Coordination and planning are closely related terminologies from the domain of multi‐robot system. Planning refers to the collection of feasible steps required to reach a predefined goal from a given position. However, coordination indicates the skillful interaction among the agents to generate a feasible planning step. Therefore, coordination is an important issue in the field of multi‐robot coordination to address complex real‐world problems. Coordination usually is of three different types: cooperation, competition, and mixed. As evident from their names, cooperation refers to improving the performance of the agents to serve complex goals, which otherwise seems to be very hard for an individual agent because of the restricted availability of hardware/software resources of the agents or deadline/energy limits of the tasks. Unlike cooperation, competition refers to serving conflicting goals by two (team of) agents. For example, in robot soccer, the two teams compete to win the game. Here, each team plans both offensively and defensively to score goals and thus act competitively. Mixed coordination indicates a mixture of cooperation and competition. In the example of a soccer game, inter‐team competition and intra‐team cooperation is the mixed coordination. Most of the common usage of coordination in robotics lies in cooperation of agents to serve a common goal. The book deals with the cooperation of robots/robotic agents to efficiently complete a complex task.

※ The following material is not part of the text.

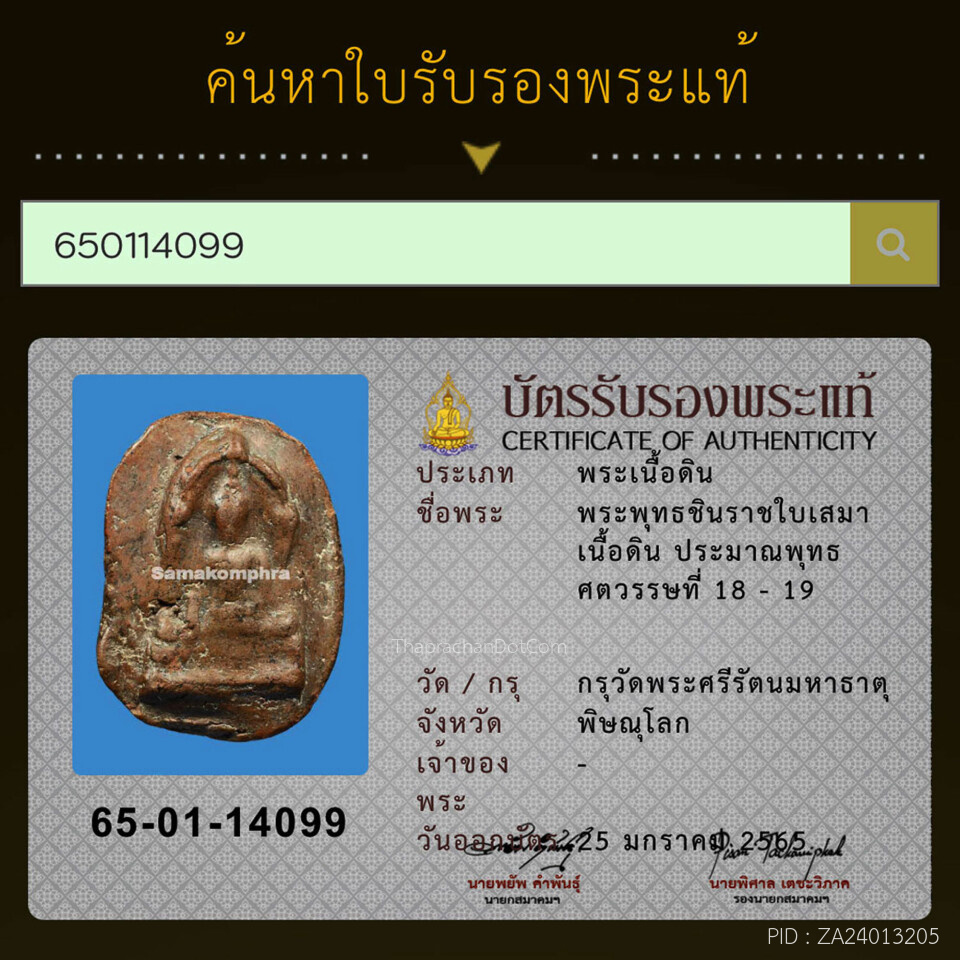 พระพุทธชินสีห์บูชาสมัยรัชกาล วัดบวรนิเวศฯ กทม. ตัก 5 นิ้ว

In recent times, researchers are taking keen interest to employ machine learning in multi‐agent cooperation. The primary advantage of machine learning is to generate the action plans in sequence from the available sensory readings of the robots. In case of a single robot, learning the action plans from the sensory readings is straightforward. However, in the context of multi‐robot, the positional changes of the other robots act as additional inputs for the learner robot, and thus learning is relatively difficult. Several machine learning and evolutionary algorithms have been adopted over the last two decades to handle the situations. The simplest of all is the supervised learning technique that requires an exhaustive list of sensory instances and the action plan by the robots. Usually, a human experimenter provides these data from his/her long acquaintance with such problems or by direct measurement of the sensory instances and decisions. The training instances being too large, sometimes has a negative influence to the engineer, and he/she feels it uncomfortable not to miss a single instance that carries valuable mapping from sensory instance to action plan by the robots.
Because of the difficulty of generating training instances and excessive computational overhead to learn those instances, coupled with the need for handling dynamic situations, researchers felt the importance of reinforcement learning (RL). In RL, we need not provide any training instance, but employ a critic who provides a feedback to the learning algorithm about the possible reward/penalty of the actions by the agent. The agent/s on receiving the approximate measure of penalty/reward understands which particular sensory‐motor instances they need to learn for future planning applications. The dynamic nature of environment thus can easily be learned by RL. In the multi‐agent scenario, RL needs to take care of learning in joint state/action space of the agents. Here, each agent learns the sensory‐motor instances in the joint state/action space with an ultimate motive to learn the best actions for itself to optimize its rewards.
The superiority of evolutionary algorithms (EAs) in optimizing diverse objective functions is subjected to the No Free Lunch Theorem (NFLT).